[Supplied information Boundary: Start]

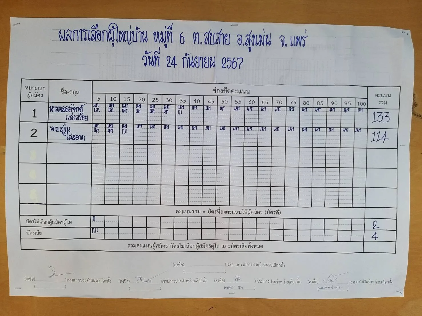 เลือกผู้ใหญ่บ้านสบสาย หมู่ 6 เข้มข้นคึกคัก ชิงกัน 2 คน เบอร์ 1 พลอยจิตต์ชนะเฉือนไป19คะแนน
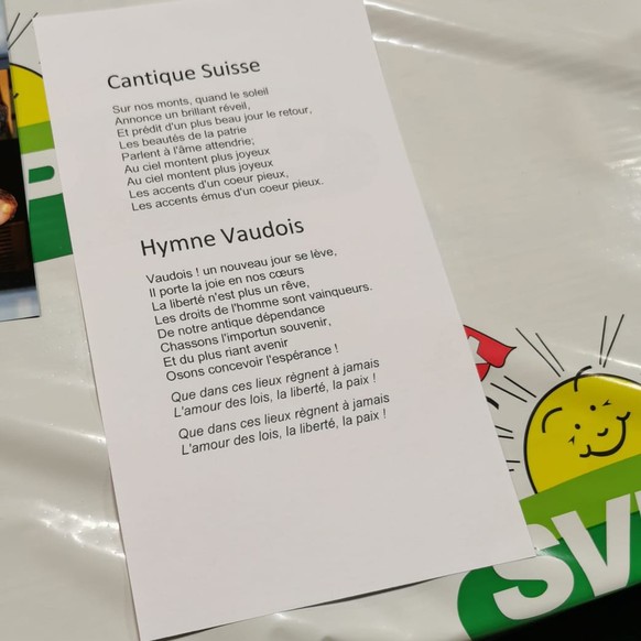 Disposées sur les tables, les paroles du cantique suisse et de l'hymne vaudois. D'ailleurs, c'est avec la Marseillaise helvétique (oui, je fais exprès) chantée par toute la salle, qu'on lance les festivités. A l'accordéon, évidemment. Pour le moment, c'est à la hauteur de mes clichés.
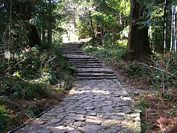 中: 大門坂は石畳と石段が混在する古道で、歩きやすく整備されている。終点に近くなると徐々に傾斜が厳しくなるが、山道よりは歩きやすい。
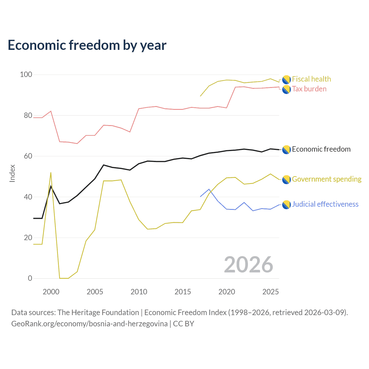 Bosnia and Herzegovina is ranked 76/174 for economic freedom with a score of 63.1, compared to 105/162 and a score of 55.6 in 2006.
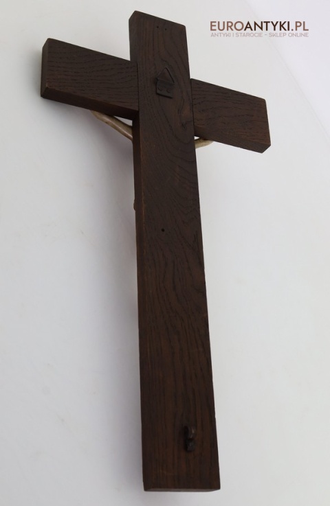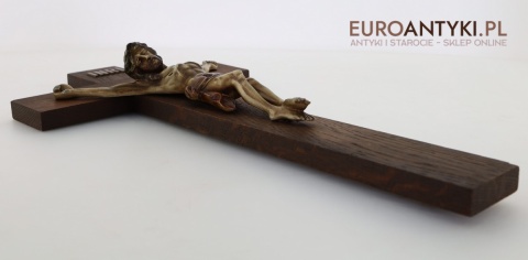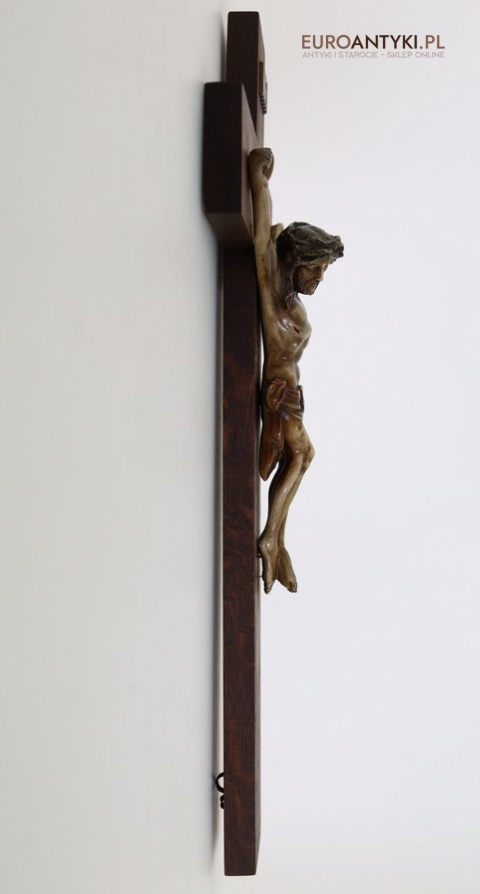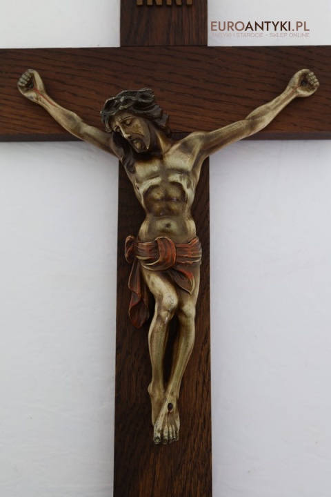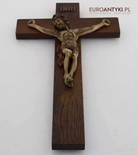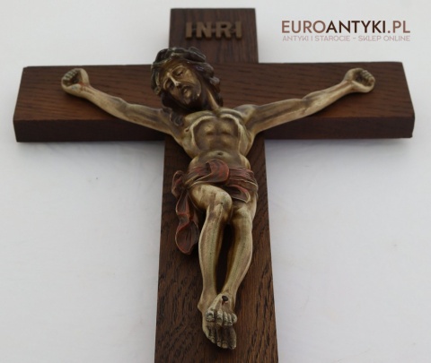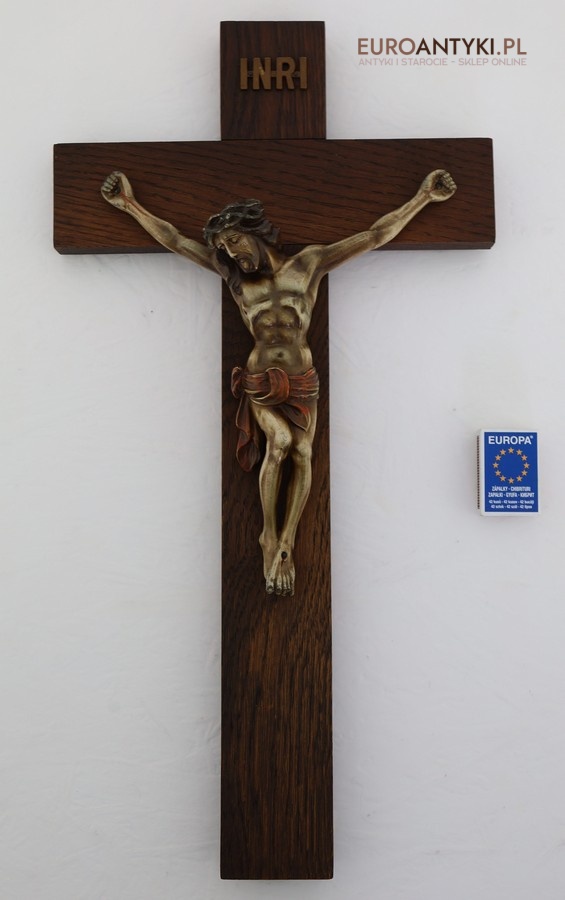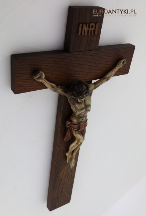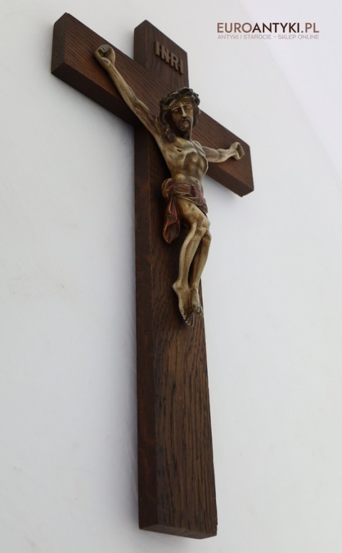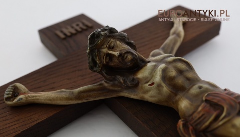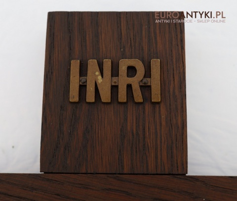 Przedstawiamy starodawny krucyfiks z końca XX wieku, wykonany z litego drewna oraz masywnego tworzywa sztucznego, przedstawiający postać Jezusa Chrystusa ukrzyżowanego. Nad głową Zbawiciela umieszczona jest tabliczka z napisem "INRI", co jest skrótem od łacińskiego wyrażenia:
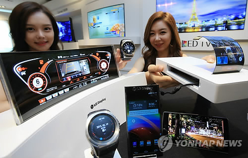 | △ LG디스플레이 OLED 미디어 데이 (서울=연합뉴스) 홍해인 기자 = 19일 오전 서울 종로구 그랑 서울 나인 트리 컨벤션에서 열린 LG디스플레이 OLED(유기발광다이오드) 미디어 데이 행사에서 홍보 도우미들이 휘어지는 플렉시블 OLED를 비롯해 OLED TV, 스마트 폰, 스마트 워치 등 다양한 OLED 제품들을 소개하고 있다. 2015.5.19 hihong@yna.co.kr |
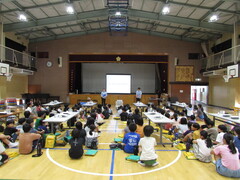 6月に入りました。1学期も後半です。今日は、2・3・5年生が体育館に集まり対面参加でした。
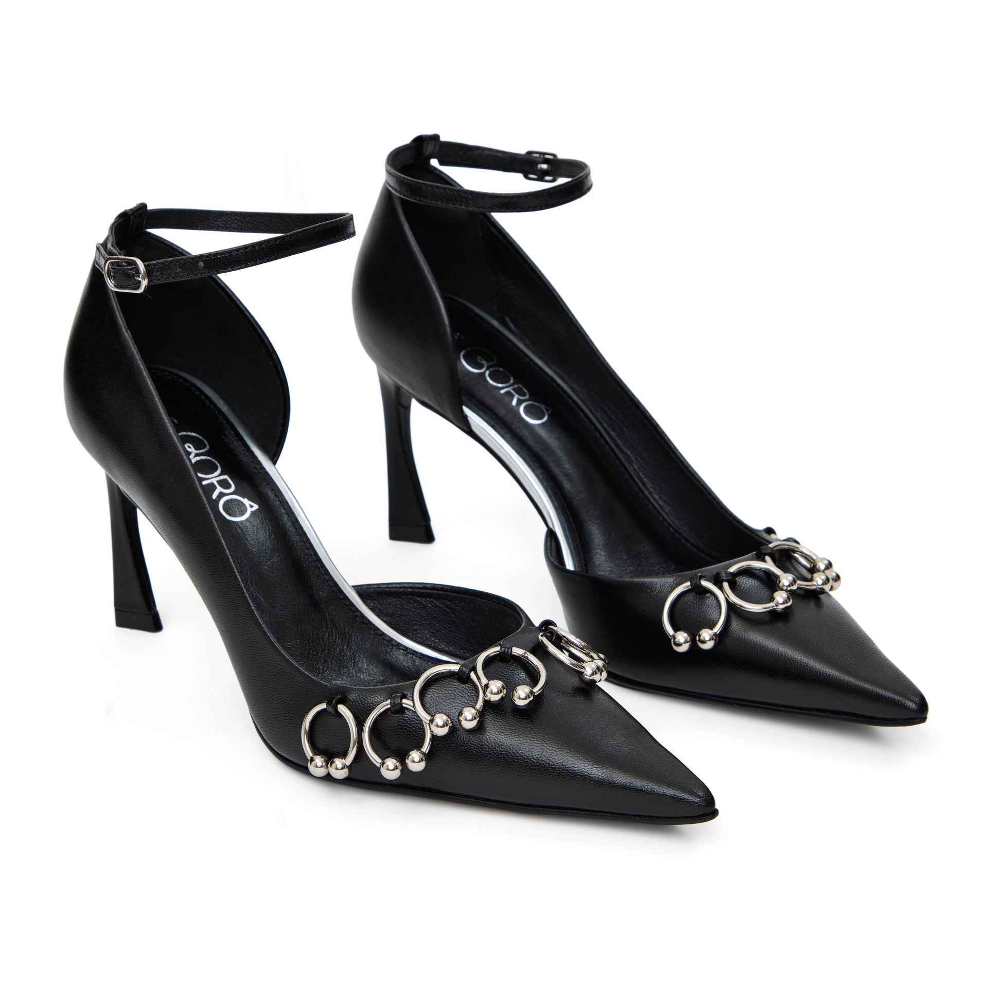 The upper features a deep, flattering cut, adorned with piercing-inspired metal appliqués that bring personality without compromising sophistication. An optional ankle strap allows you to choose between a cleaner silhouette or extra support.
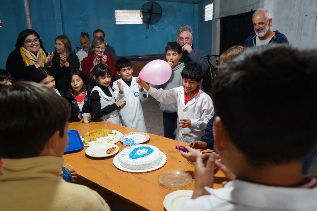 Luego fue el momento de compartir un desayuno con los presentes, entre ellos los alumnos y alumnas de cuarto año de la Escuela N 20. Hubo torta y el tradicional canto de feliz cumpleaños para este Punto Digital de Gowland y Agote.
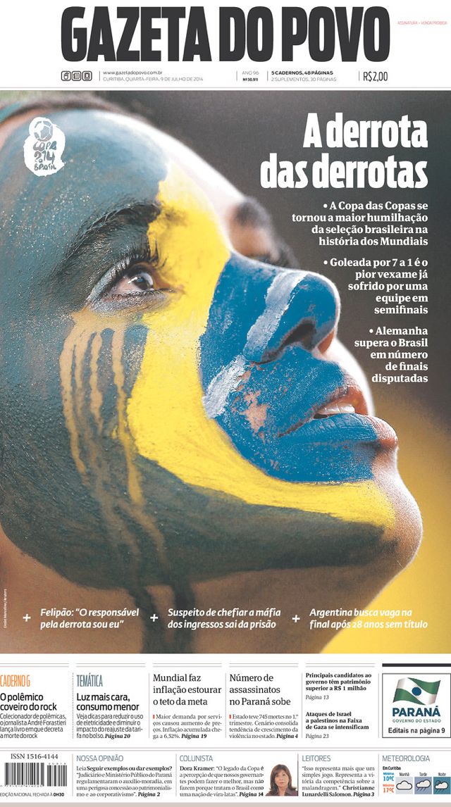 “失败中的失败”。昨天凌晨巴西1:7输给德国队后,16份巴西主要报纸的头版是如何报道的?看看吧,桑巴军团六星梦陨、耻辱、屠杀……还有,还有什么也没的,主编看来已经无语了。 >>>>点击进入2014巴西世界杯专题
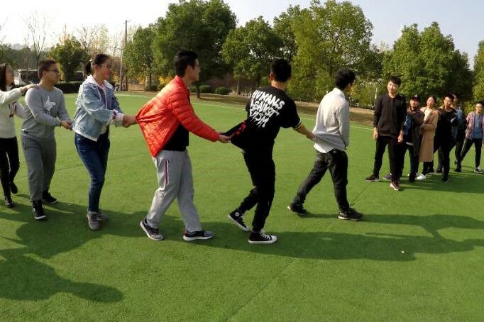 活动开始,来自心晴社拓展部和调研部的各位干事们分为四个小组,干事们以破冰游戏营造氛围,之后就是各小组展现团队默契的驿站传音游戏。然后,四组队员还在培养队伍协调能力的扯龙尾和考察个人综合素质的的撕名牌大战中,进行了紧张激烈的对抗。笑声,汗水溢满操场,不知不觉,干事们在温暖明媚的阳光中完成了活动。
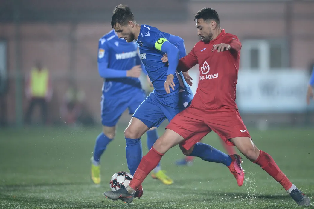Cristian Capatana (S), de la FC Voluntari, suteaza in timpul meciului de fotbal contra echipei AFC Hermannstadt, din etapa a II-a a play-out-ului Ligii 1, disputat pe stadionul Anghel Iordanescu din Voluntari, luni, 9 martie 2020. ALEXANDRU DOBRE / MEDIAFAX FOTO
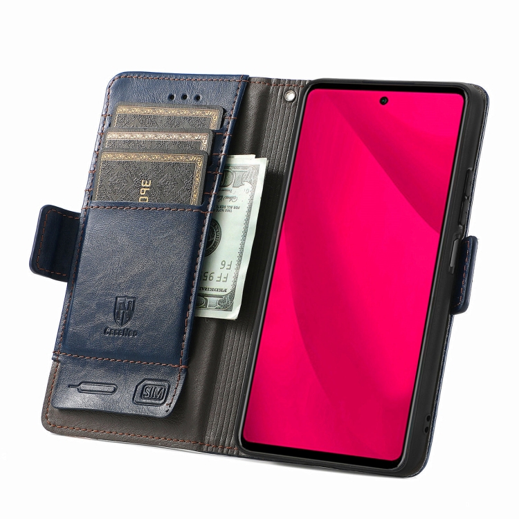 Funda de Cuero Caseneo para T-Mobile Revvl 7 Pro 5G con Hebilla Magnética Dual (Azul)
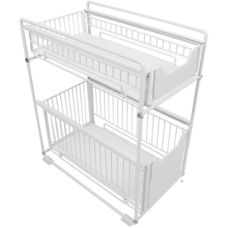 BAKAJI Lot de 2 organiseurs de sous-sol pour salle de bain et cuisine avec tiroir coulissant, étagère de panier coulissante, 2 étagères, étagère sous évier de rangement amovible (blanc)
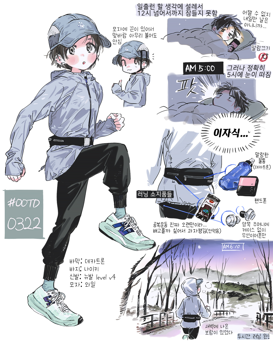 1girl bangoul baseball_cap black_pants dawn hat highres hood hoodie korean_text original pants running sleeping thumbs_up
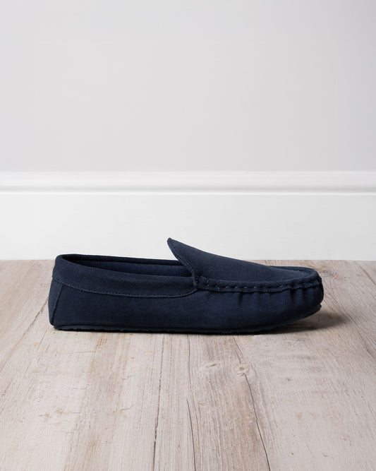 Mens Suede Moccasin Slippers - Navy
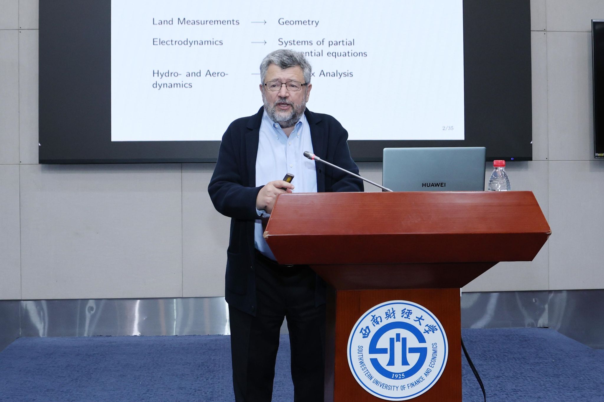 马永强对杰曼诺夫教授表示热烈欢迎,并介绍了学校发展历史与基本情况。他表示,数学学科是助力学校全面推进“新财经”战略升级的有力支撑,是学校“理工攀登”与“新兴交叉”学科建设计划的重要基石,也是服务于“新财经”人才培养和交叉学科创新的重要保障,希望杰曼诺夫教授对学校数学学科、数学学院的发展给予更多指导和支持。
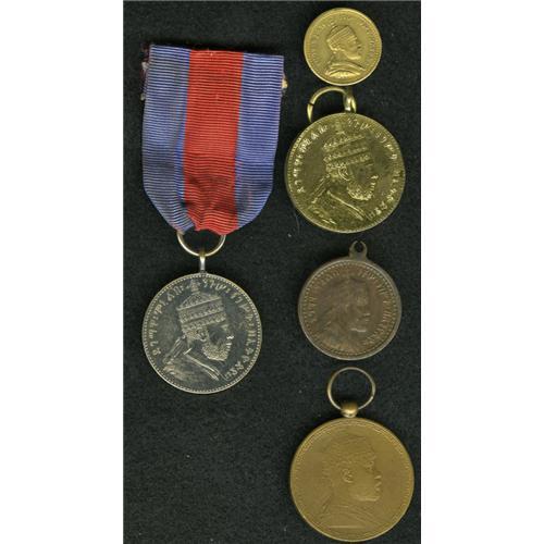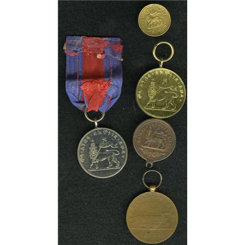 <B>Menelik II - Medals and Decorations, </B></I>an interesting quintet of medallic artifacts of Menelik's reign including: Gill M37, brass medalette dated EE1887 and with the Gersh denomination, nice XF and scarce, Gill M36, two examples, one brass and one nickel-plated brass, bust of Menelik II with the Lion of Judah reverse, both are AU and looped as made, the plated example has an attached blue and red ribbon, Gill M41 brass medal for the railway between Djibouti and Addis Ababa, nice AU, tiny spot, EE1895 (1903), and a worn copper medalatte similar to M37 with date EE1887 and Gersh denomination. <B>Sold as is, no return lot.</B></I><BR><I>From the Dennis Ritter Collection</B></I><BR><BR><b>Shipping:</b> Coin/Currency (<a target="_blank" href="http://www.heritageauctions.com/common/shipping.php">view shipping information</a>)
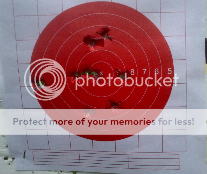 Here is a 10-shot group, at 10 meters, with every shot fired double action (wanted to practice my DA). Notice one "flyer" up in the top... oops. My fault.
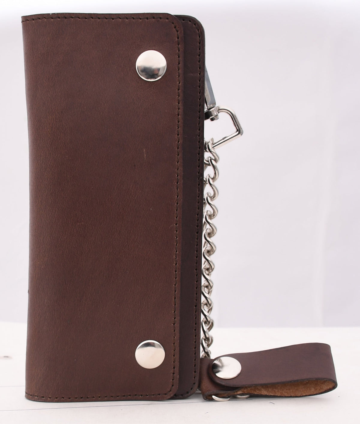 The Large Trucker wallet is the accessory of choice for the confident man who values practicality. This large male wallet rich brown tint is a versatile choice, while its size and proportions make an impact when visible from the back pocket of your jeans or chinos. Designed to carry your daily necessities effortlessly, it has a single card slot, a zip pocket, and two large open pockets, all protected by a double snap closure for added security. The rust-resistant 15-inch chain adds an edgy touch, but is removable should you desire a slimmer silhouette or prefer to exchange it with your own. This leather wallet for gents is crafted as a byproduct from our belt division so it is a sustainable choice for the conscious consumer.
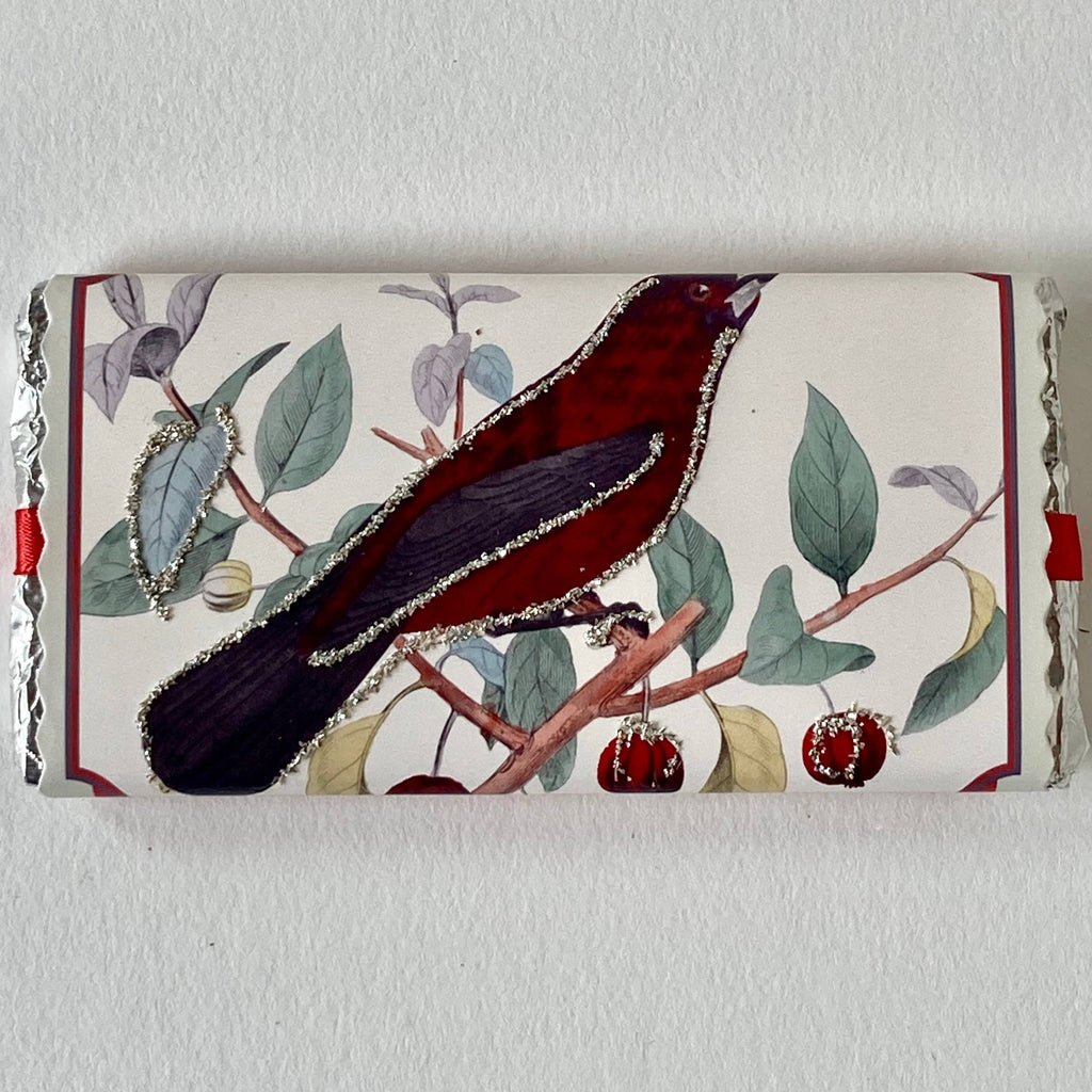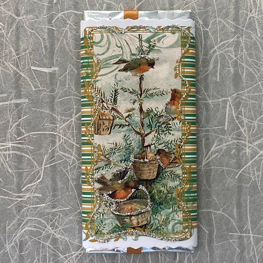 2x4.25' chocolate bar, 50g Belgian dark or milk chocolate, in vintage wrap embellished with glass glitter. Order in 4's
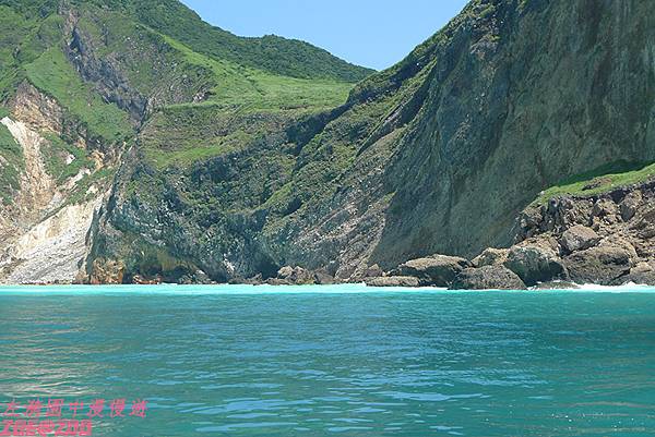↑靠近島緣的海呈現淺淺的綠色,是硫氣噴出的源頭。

[Supplied information Boundary: End]

Begin at the first line of the entries above and return each line exactly, stopping after the line that contains "6月に入りました。1学期も後". Pictures do not belong in the copy.

**Result of this exercise**:
 เลือกผู้ใหญ่บ้านสบสาย หมู่ 6 เข้มข้นคึกคัก ชิงกัน 2 คน เบอร์ 1 พลอยจิตต์ชนะเฉือนไป19คะแนน
 Disposées sur les tables, les paroles du cantique suisse et de l'hymne vaudois. D'ailleurs, c'est avec la Marseillaise helvétique (oui, je fais exprès) chantée par toute la salle, qu'on lance les festivités. A l'accordéon, évidemment. Pour le moment, c'est à la hauteur de mes clichés.
 中: 大門坂は石畳と石段が混在する古道で、歩きやすく整備されている。終点に近くなると徐々に傾斜が厳しくなるが、山道よりは歩きやすい。
 Bosnia and Herzegovina is ranked 76/174 for economic freedom with a score of 63.1, compared to 105/162 and a score of 55.6 in 2006.
 Przedstawiamy starodawny krucyfiks z końca XX wieku, wykonany z litego drewna oraz masywnego tworzywa sztucznego, przedstawiający postać Jezusa Chrystusa ukrzyżowanego. Nad głową Zbawiciela umieszczona jest tabliczka z napisem "INRI", co jest skrótem od łacińskiego wyrażenia:
 | △ LG디스플레이 OLED 미디어 데이 (서울=연합뉴스) 홍해인 기자 = 19일 오전 서울 종로구 그랑 서울 나인 트리 컨벤션에서 열린 LG디스플레이 OLED(유기발광다이오드) 미디어 데이 행사에서 홍보 도우미들이 휘어지는 플렉시블 OLED를 비롯해 OLED TV, 스마트 폰, 스마트 워치 등 다양한 OLED 제품들을 소개하고 있다. 2015.5.19 hihong@yna.co.kr |
 6月に入りました。1学期も後半です。今日は、2・3・5年生が体育館に集まり対面参加でした。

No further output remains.